🤖 AI Summary
Diffusion models face two key challenges in image animation: (1) high-dimensional video data leads to scarce training samples, causing overfitting and memory-based generation rather than prompt-driven motion synthesis; and (2) poor generalization to unseen motion patterns, with insufficient research on few-shot motion adaptation. To address these, we propose Modular and Interchangeable Video Adapters (MIVA), which decouples motion into lightweight, independent, and composable specialized modules—each trainable with only ~10 samples. MIVA enables single-GPU training, prompt-free explicit motion selection, and parallel multi-module inference. Experiments demonstrate that MIVA preserves or even surpasses the visual quality of fully trained diffusion models while significantly improving motion controllability and novel motion generation—effectively overcoming the motion generalization bottleneck under few-shot settings.
📝 Abstract
Diffusion models (DMs) have recently achieved impressive photorealism in image and video generation.

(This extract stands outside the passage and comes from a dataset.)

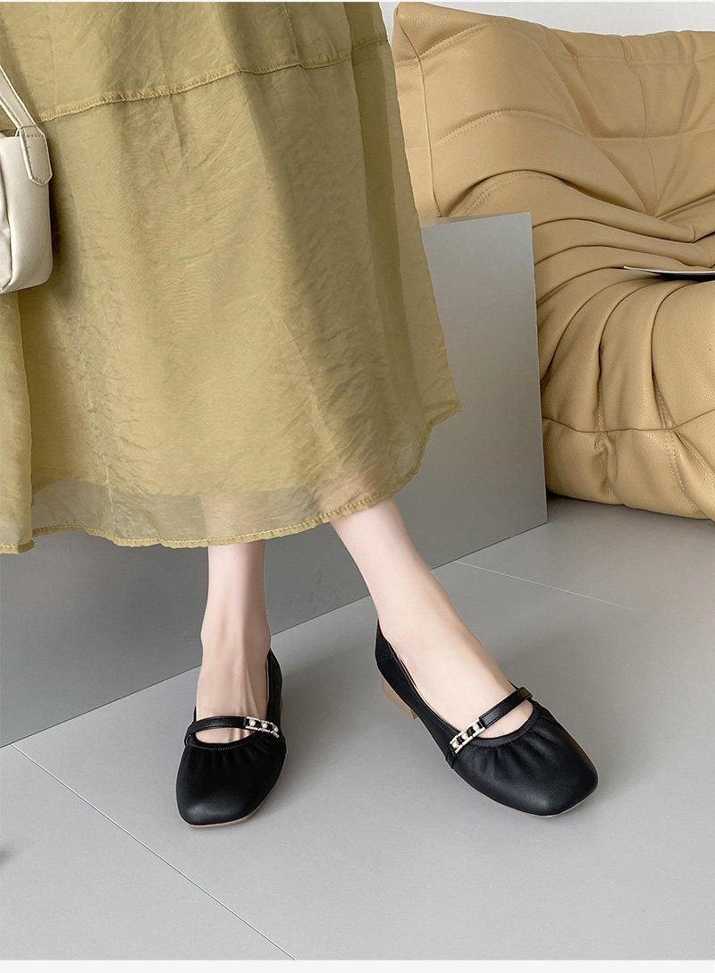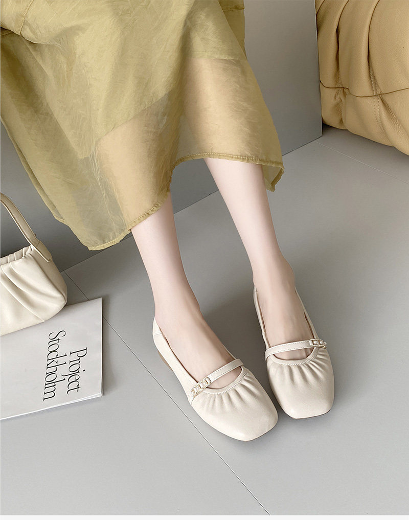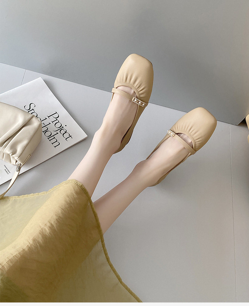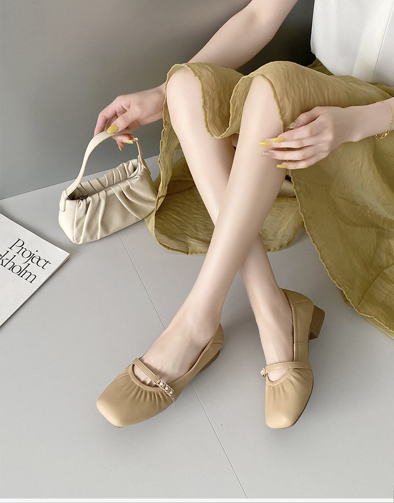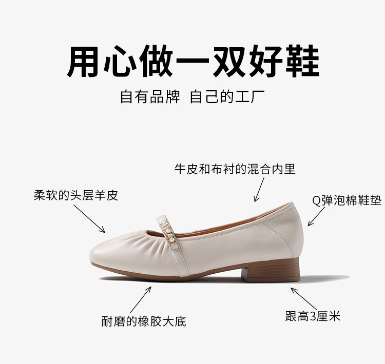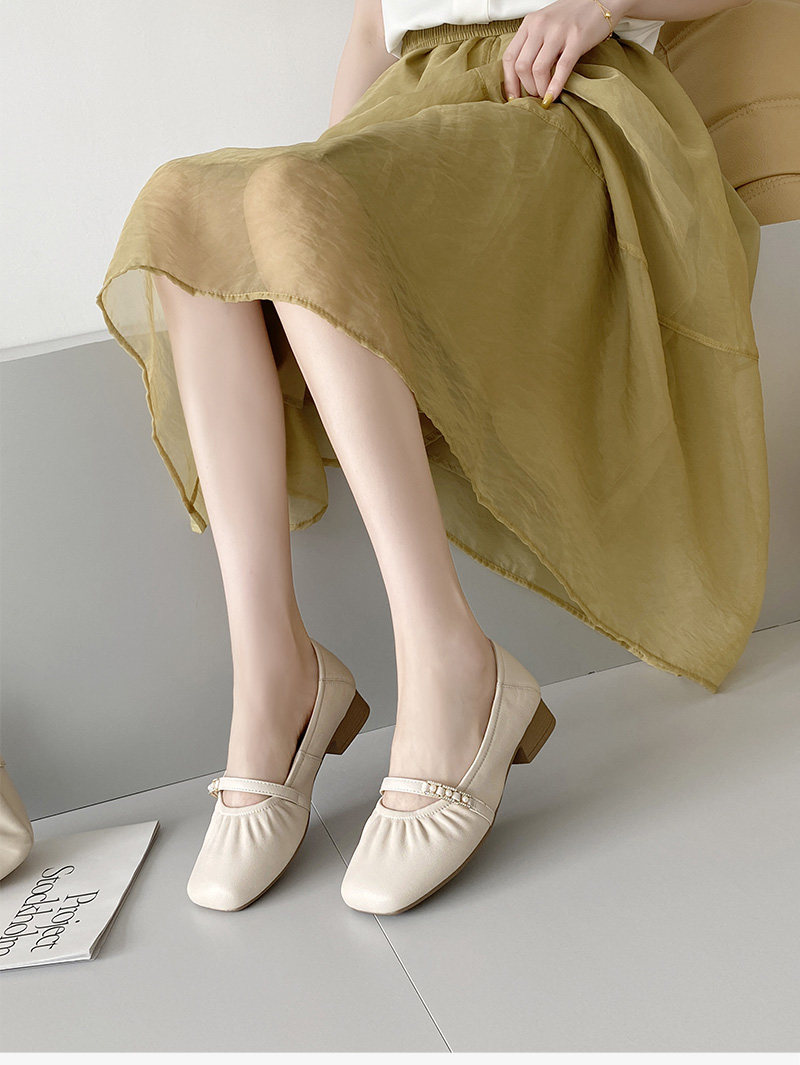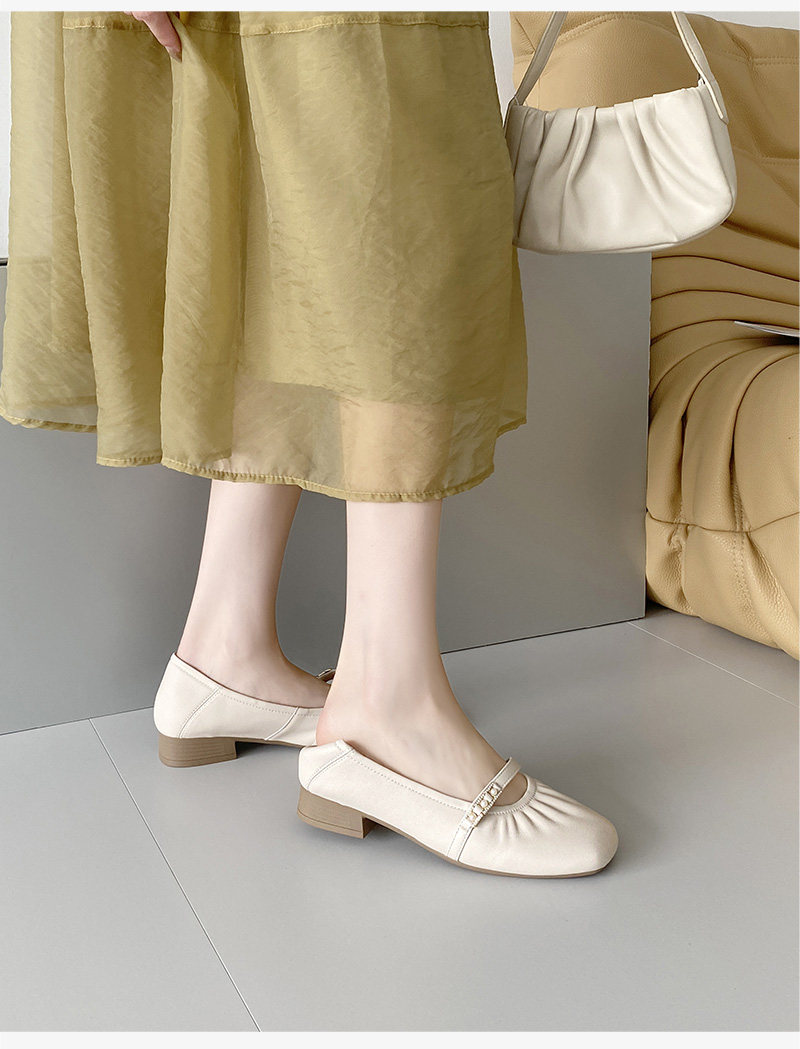 Sheepskin single shoes for women, low heel, soft leather, soft surface, soft sole, genuine leather, shallow mouth Mary Jane, comfortable and versatile pearl small leather shoes

However, their application to image animation remains limited, even when trained on large-scale datasets. Two primary challenges contribute to this: the high dimensionality of video signals leads to a scarcity of training data, causing DMs to favor memorization over prompt compliance when generating motion; moreover, DMs struggle to generalize to novel motion patterns not present in the training set, and fine-tuning them to learn such patterns, especially using limited training data, is still under-explored. To address these limitations, we propose Modular Image-to-Video Adapter (MIVA), a lightweight sub-network attachable to a pre-trained DM, each designed to capture a single motion pattern and scalable via parallelization. MIVAs can be efficiently trained on approximately ten samples using a single consumer-grade GPU. At inference time, users can specify motion by selecting one or multiple MIVAs, eliminating the need for prompt engineering. Extensive experiments demonstrate that MIVA enables more precise motion control while maintaining, or even surpassing, the generation quality of models trained on significantly larger datasets.